In retrospect we all lingered too long in Shoupe and our group definitely got too late of a start from the hotel anyway. So as we began our route from Shoupe to the Magruder Corridor we tried to pick up the pace. Dust is a big problem when alot of bikes are moving down the trail and the bottleneck leaving Shoupe made it rough going for everyone. With all these factors no one begrudged Brent any when he told us to go on and he'd tag on with a slower moving group which was kicking up less dust for him to deal with. So the three of us pressed on but it was pretty clear we were going to end the ride in the dark. With that in mind we moved at a safe and prudent pace but didn't waste alot of time with stops. But as the sun dropped low in the sky we slowed to a crawl as we fought the blinding sun, dust, and the rocky trail. That's just no fun. Twilight brought relief but it was short lived as darkness then slowed us with a general lack of visibility.

The moon was magnificent and amazingly bright. The Magruder is a very remote area of the Bitterroot Forest made infamous for a theft and murder during the boom times of local mining. It was stunning under the bright moon light and I couldn't help but to remind myself that this beautiful forest could turn ugly if we had a big problem. Jason and I lined up beside one another and Dan did his best to shine his light around us. This put lots of light down the trail but was pretty difficult riding for me as I tried to handle obstacles with half the trail and hopefully not take Jason out when I made mistakes. We managed ~30 mph this way but 72 miles like this was a long ride. By the end of the Magruder Corridor we were about 200 miles into our day and the second half was the hard half.

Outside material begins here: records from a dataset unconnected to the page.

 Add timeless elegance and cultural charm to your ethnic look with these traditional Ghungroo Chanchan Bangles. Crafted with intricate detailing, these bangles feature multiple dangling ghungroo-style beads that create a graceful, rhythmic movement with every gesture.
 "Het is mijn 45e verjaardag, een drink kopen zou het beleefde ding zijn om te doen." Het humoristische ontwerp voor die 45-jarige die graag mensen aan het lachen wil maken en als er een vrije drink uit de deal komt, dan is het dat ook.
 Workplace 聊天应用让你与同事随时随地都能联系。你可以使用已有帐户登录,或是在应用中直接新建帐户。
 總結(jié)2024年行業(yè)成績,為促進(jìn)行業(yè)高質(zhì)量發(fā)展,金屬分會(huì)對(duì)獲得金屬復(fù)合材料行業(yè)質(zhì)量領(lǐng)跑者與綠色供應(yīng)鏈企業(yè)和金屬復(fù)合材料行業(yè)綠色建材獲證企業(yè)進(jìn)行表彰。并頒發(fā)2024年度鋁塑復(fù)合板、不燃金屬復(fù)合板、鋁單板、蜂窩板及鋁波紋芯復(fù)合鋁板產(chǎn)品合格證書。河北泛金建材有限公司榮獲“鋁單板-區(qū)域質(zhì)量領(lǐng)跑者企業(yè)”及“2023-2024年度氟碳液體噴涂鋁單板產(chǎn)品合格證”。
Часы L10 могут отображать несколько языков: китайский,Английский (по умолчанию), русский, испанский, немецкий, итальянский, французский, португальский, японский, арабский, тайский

At the end of this section we thought we were home free! The GPS was telling us we were close. The road signs were confirming we were close. So Jason and I didn't think twice when the GPS route turned us back into the woods when the street sign told us we had 22 miles to Elk City. How far could it be? Well, it was about 3 hours long. We'd fallen into a routing mistake and taken off on rough single and double track that eventually came to dead ends no matter which fork we took at every intersection. It was late, we were cold and tired, and the miles were eroding our skills and cheery dispositions. We finally accepted defeat and back tracked to the street sign which indicated 22 miles to Elk City and began following the signs.

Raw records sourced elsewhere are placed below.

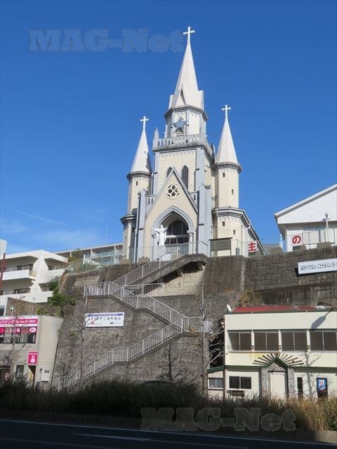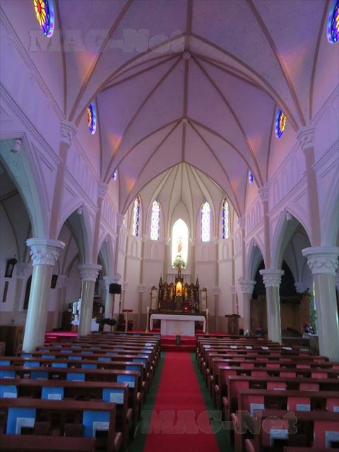 白っぽい壁の教会ですが、太平洋戦争の時には攻撃の目標にならないために黒く塗られたこともあったということです。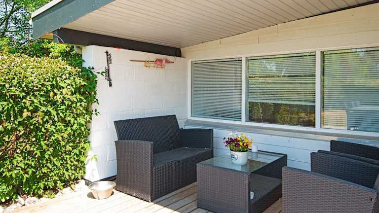 Das Ferienhaus bietet Platz für bis zu 6 Personen und besitzt drei Schlafzimmer. Zur Ausstattung gehören ein TV mit Kabelkanälen und eine gut ausgestattete Küche, die einen Kühlschrank und einen Geschirrspüler umfasst. Des Weiteren gibt es zwei Badezimmer mit einer Dusche.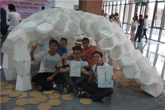 本次实体搭建大赛是创新创业学院主办,学院学生科学技术协会承办的精品科普立项活动之一,历时30天,总计100余名学生组成的21支队伍参赛。比赛分为草模评选、实体搭建、可行性实验三个部分。比赛初期,参赛选手提交了搭建实体草摸,确定设计主题,由陈雷老师担任主评委确定9组决赛名单。实体搭建过程中,参赛学生利用瓦楞纸板、PP中空板、竹条、麻绳、清漆、塑料布等作为原材料,结合建筑学知识,综合外观设计与力学分析,发挥创意,搭建占地5平米的实体小屋,并完善内部建筑空间。最终根据专业评委的综合考评,第三组《囚光》凭借设计新颖、结构稳固、建筑细节精细等特点获得一等奖,第十八组《蜂蜜味菠萝》获得二等奖,第一组《交织》、第六组《竹筑》、 第十三组《H.T.M》( 蜂巢榫卯)、 第十九组《GROUP》荣获三等奖,学院也将结合“筑梦工程”育人计划对获奖选手进行奖学金资助奖励。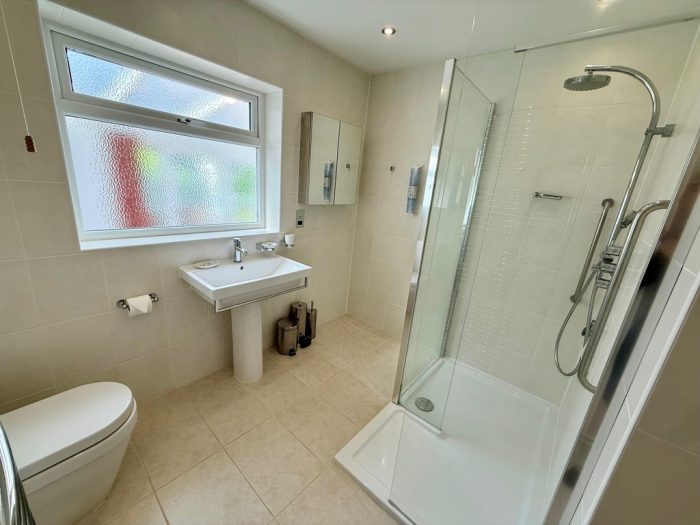 FAMILY SHOWER ROOM: fully tiled walls and floor; recently fitted suite comprising of walk-in double sized shower enclosure with mains connected shower with waterfall and handheld shower heads, screens to sides; hand wash basin with hot and cold stainless steel mixer tap and towel rail built-in; low level WC; wall mounted large towel warmer/radiator; wall mounted mirror fronted bathroom cabinet x 2; frosted double glazed windows to rear; built-in storage cupboards housing the hot water tank with overhead shelving area.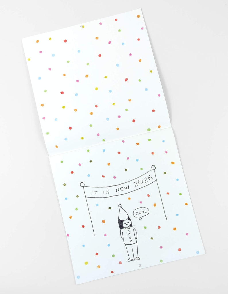 12 months, saddle-stitch bound and hole punched for easy wall hanging.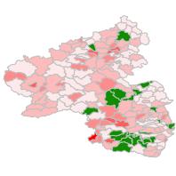 Thematische Karten zur Landtagswahl am 13. März 2016 in Rheinland-Pfalz. Landesstimmenergebnisse von SPD, CDU, GRÜNEN, FDP, DIE LINKE, AfD werden auf Kreis-, Verbandsgemeinde- und Gemeindeebene mit Landesstimmenanteilen in % angezeigt sowie die Gewinne und Verluste zur Landtagswahl 2011 in Prozentpunkten. Die Ergebnisse der anderen Parteien sind unter Sonstige zusammengefasst.:SPD: Landesstimmen bei der Landtagswahl 2016, Gewinne und Verluste gegenüber Landtagswahl 2011 in %-Punkten, Gemeindeebene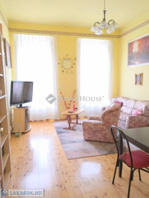 A VI. kerület egyik leghangulatosabb részén, a sétálóutcává alakított, parkos Liszt Ferenc téren, a Zeneakadémia, és a Világörökség részét képeező Andrássy út szomszédságában, kívül-belül gyönyörű állapotú, patinás, impozáns társasház 3. emeletén (lift természetesen van) eladó egy 54m2-es, nappali + 2 különnyíló hálószobás, napfényes, csendes, rendezett, belső parkra néző, kiváló elosztású, polgári értékeinek megőrzése mellett felújított lakás.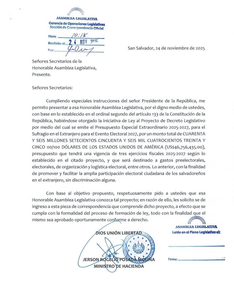 Hacienda también solicitó reformar el presupuesto vigente de 2025 para incorporar $40 millones vinculados al voto desde el exterior, con el fin de contratar a la empresa encargada de implementar los sistemas de votación y los servicios tecnológicos necesarios para el proceso.

We were the last group to arrive and everyone was quite worried. We'd been moving so well and having no problems when others had seen us. Elk City doesn't have internet or cell service so there was no way to communicate even if that has a slim chance of success. So everyone greeted us in the parking lot with lots of questions and more than a little relief. I was too tired to tell the tale and headed for bed. I'd decided on the road into town that I needed to get ahead of the itinerary and take a caffeine fueled early morning ride to the next stop so I could rest up. I felt some peace and welcomed a hot shower and sleep.

BTW, Elk City claims to have 300 residents but I'll bet anything the Census takers can't find them all. I'm still shocked they have hotel even if it is dumpy.